In context, it is also important to state that the R_0_, and K are not "truly" unknowns, as they are expressed by the measurements (second and fourth red datapoints).

Answer 1

Let $\phi$ be the logistic function

$$\phi(z) = \frac{1}{1 + \exp(-z)}.$$

Your model shifts and scales the argument of $\phi$ and scales its values for arguments exceeding the breakpoint $\zeta,$ thereby requiring three parameters for $x\ge \zeta,$ which we could parameterize as

$$f_{+}(x;\mu,\sigma,\gamma) = \gamma\, \phi\left(\frac{x-\mu}{\sigma}\right).$$

For arguments less than the breakpoint you want a linear function

$$f_{-}(x;\alpha,\beta) = \alpha + \beta x.$$

Assure continuity by matching the values at the breakpoint. Mathematically this means

$$f_{-}(\zeta;\alpha,\beta) = f_{+}(\zeta;\mu,\sigma,\gamma),$$

enabling us to express one of the six parameters in terms of the other five. The simplest choice is the solution

$$\alpha = \gamma\, \phi\left(\frac{\zeta-\mu}{\sigma}\right) - \beta\,\zeta.$$

The resulting model will almost never be differentiable at $\zeta,$ but that doesn't matter.

---

The illustration in the question shows only four data points, which won't be enough to fit five parameters. But with more data points, measured with a little bit of mean-zero, iid error, a nonlinear least squares algorithm can succeed, especially if provided good starting values (which is an art in itself) and if some care is taken to re-express the parameters that must be positive ($\gamma$ and $\sigma$). Here is a comparable dataset with ten datapoints, obviously measured with substantial error:

It illustrates what the model looks like, how well it might fit even with such a small dataset, and what a likely 95% confidence interval for the breakpoint $\zeta$ might be (it is spanned by the red band). To find this fit I used $(\zeta,\beta,\mu,\log(\sigma),\log(\gamma))$ for the parameterization, requiring no constraints at all: see the call to nls in the code example below.
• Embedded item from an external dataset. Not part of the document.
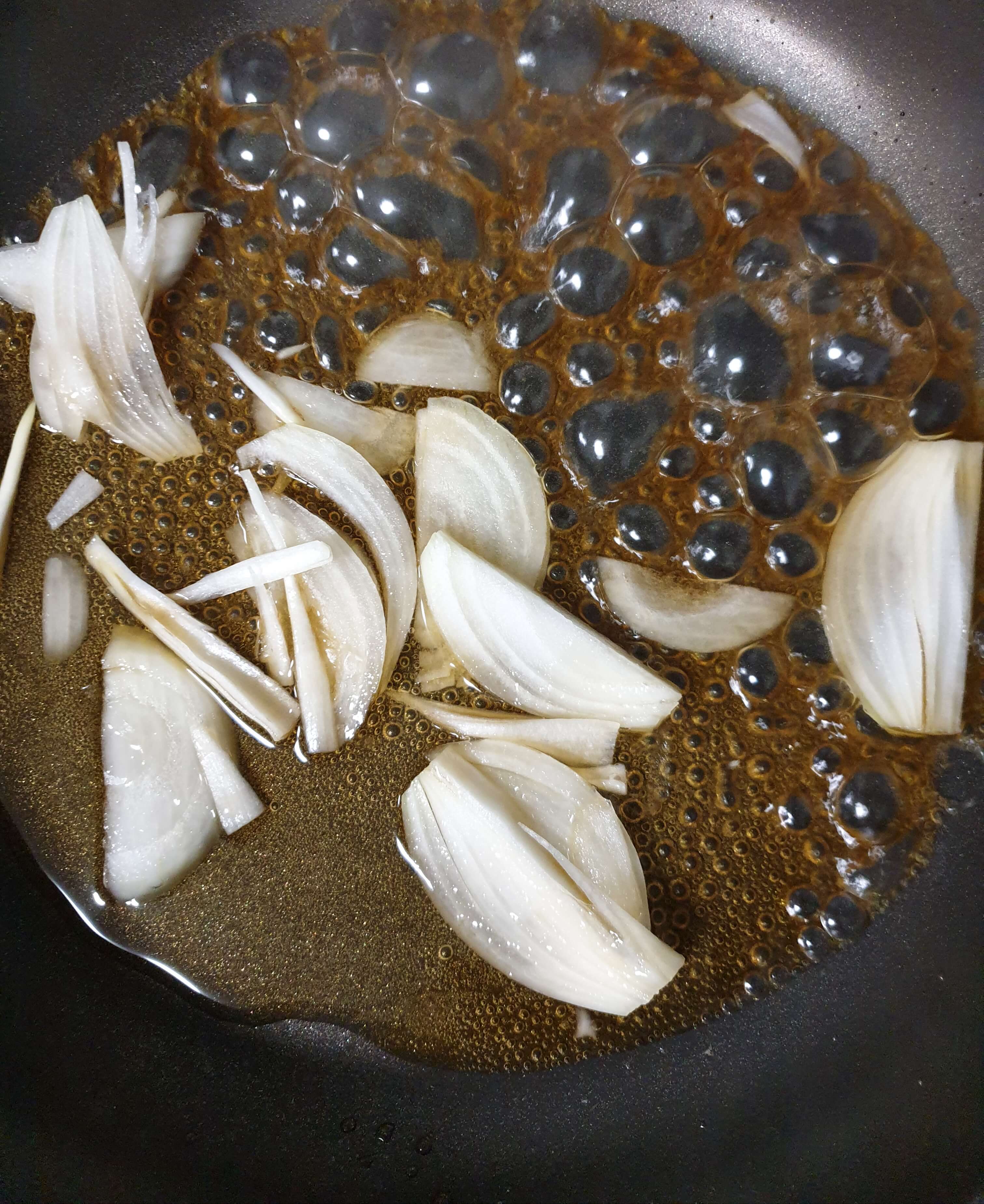 끓어오르면 양파 1/4개 채 썬 걸 넣어 주세요.

You can find effective starting values by eyeballing the data plot, which will clearly indicate reasonable values of $\beta,$ $\zeta,$ and possibly $\gamma.$ You might have to experiment with the other parameters. The model is a little dicey because there may be very strong correlations among $\zeta,$ $\sigma,$ $\gamma,$ and $\mu:$ this is characteristic of the logistic function, especially when only part of that function is reflected in the data.

---

To give you a leg up on experimenting and developing a solution, here is the R code used to create examples like this, fit the data, and plot the results. For experimentation, comment out the call to set.seed.

#
# The model.
#
f <- function(z, beta=0, mu=0, sigma=1, gamma=1, zeta=0) {
  logistic <- function(z) 1 / (1 + exp(-z))
  alpha <- gamma * logistic((zeta - mu)/sigma) - beta * zeta
  ifelse(z <= zeta,
         alpha + beta * z,
         gamma * logistic((z - mu) / sigma))
}
#
# Create a true model.
#
parameters <- list(beta=-0.0004, mu=705, sigma=20, gamma=0.65, zeta=675)
#
# Simulate from the model.
#
X <- data.frame(x = seq(540, 770, by=25))
X$y0 <- do.call(f, c(list(z=X$x), parameters))
#
# Add iid error, as appropriate for `nls`.
#
set.seed(17)
X$y <- X$y0 + rnorm(nrow(X), 0, 0.05)
#
# Plot the data and true model.
#
with(X, plot(x, y, main="Data with True and Fitted Models", cex.main=1, pch=21, bg="Gray"))
mtext(expression(paste("Black: true; Red: fit.  Vertical lines show ", zeta, ".")),
      side=3, line=0.25, cex=0.9)
curve(do.call(f, c(list(z=x), parameters)), add=TRUE, lwd=2, lty=3)
abline(v = parameters$zeta, col="Gray", lty=3, lwd=2)
#
# Fit the data.
#
fit <- nls(y ~ f(x, beta=beta, mu=mu, sigma=exp(sigma), gamma=exp(gamma), zeta=zeta), 
           data = X, 
           start = list(beta=-0.0004, mu=705, sigma=log(20), zeta=675, gamma=log(0.65)),
           control=list(minFactor=1e-8), trace=TRUE)
summary(fit)
#
# Plot the fit.
#
red <- "#d01010a0"
x <- seq(min(X$x), max(X$x), by=1)
y.hat <- predict(fit, newdata=data.frame(x=x))
lines(x, y.hat, col=red, lwd=2)
#
# Display a confidence band for `zeta`.
#
zeta.hat <- coefficients(fit)["zeta"]
se <- sqrt(vcov(fit)["zeta", "zeta"])
invisible(lapply(seq(zeta.hat - 1.645*se, zeta.hat + 1.645*se, length.out=201), 
      function(z) abline(v = z, col="#d0101008")))
abline(v = zeta.hat, col=red, lwd=2)